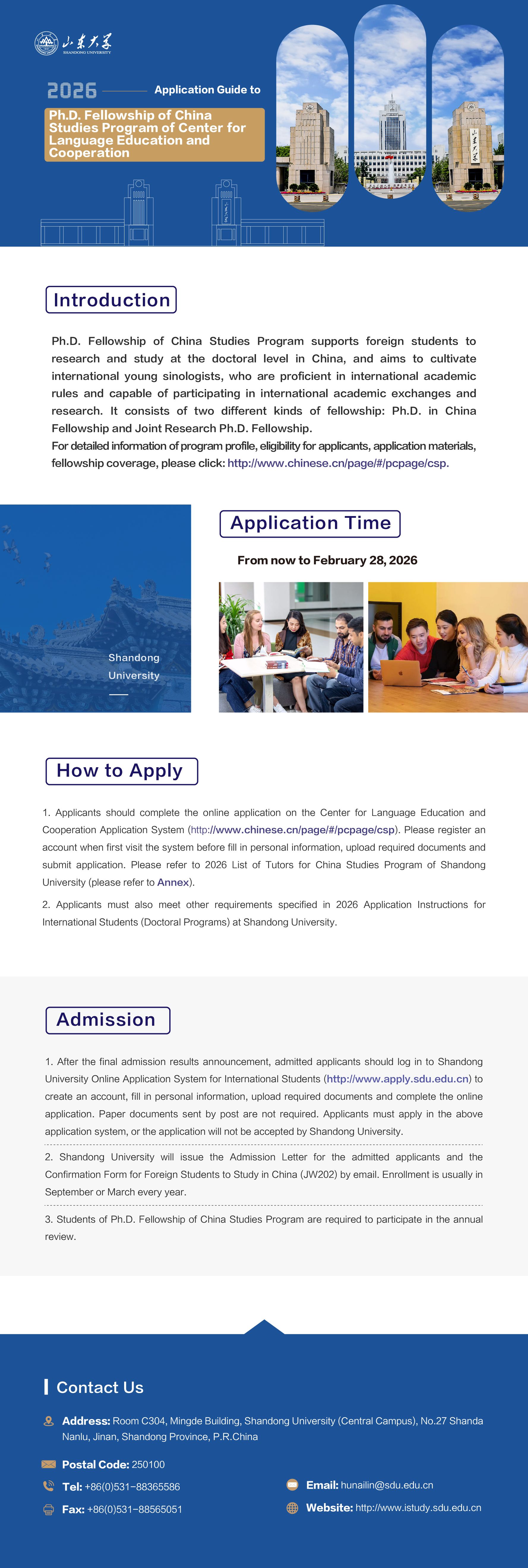 2026 Application Guide to Shandong University Ph.D. Fellowship of China Studies Program of Center for Language Education and Cooperation
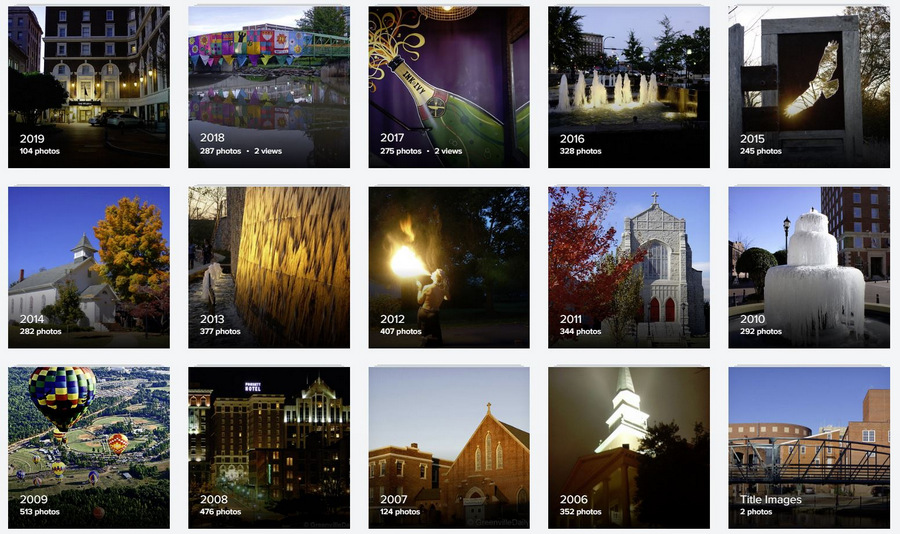 The web site (GreenvilleDailyPhoto.com) will disappear. But some photos could be useful to someone – either as historic reference or as art. So Denton Harryman, Frank Mansbach and I have decided to release our photos dating back to 2006 under a Creative Commons license. The Greenville Daily Photo archives will be hosted on Flickr’s Creative Commons, hopefully for a long time. The photos are presented as album groups for convenient browsing. And they’ll show up in searches for Creative Commons images.
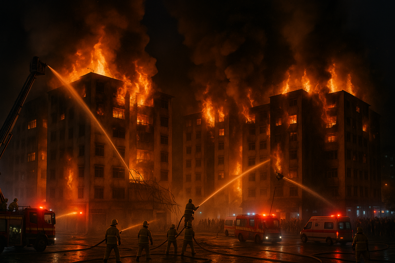 Illustration of the catastrophic fire at Wang Fuk Court in Tai Po, Hong Kong, engulfing seven blocks and claiming at least 159 lives.
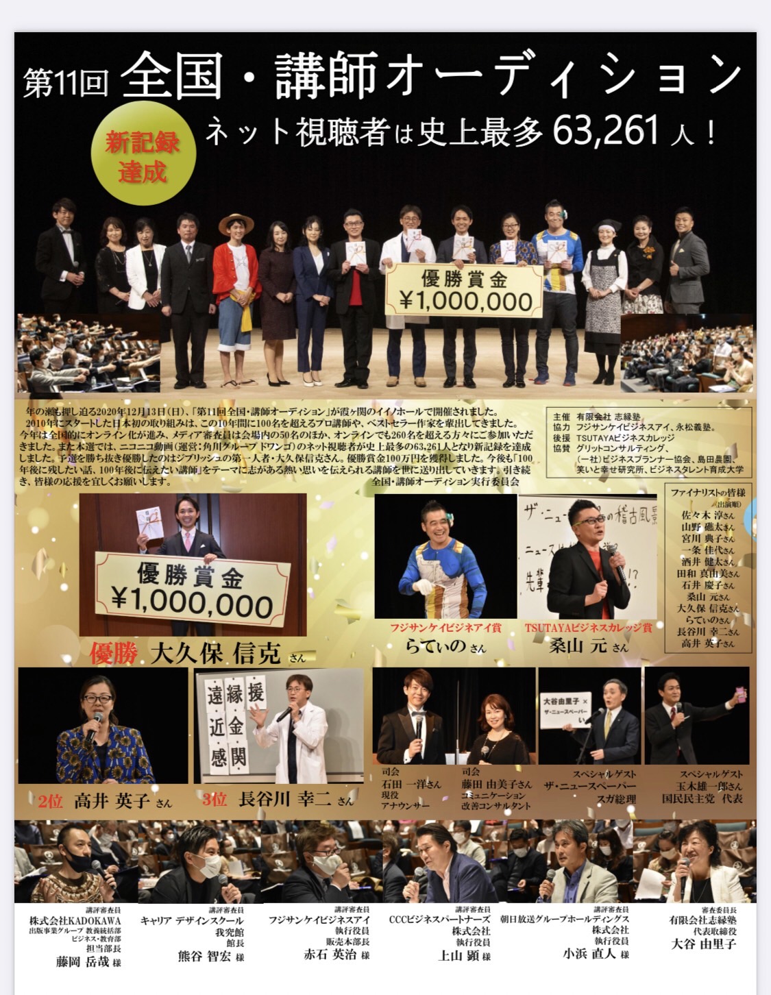 2020年12月 優勝賞金100万円<第11回>全国・講師オーディションを開催。

+++

» **Instructions for the task**:
A verbatim copy of the material is needed; pictures are not to appear in it.

» **Answer to this problem**:
 2026 Application Guide to Shandong University Ph.D. Fellowship of China Studies Program of Center for Language Education and Cooperation
 The web site (GreenvilleDailyPhoto.com) will disappear. But some photos could be useful to someone – either as historic reference or as art. So Denton Harryman, Frank Mansbach and I have decided to release our photos dating back to 2006 under a Creative Commons license. The Greenville Daily Photo archives will be hosted on Flickr’s Creative Commons, hopefully for a long time. The photos are presented as album groups for convenient browsing. And they’ll show up in searches for Creative Commons images.
 Illustration of the catastrophic fire at Wang Fuk Court in Tai Po, Hong Kong, engulfing seven blocks and claiming at least 159 lives.
 2020年12月 優勝賞金100万円<第11回>全国・講師オーディションを開催。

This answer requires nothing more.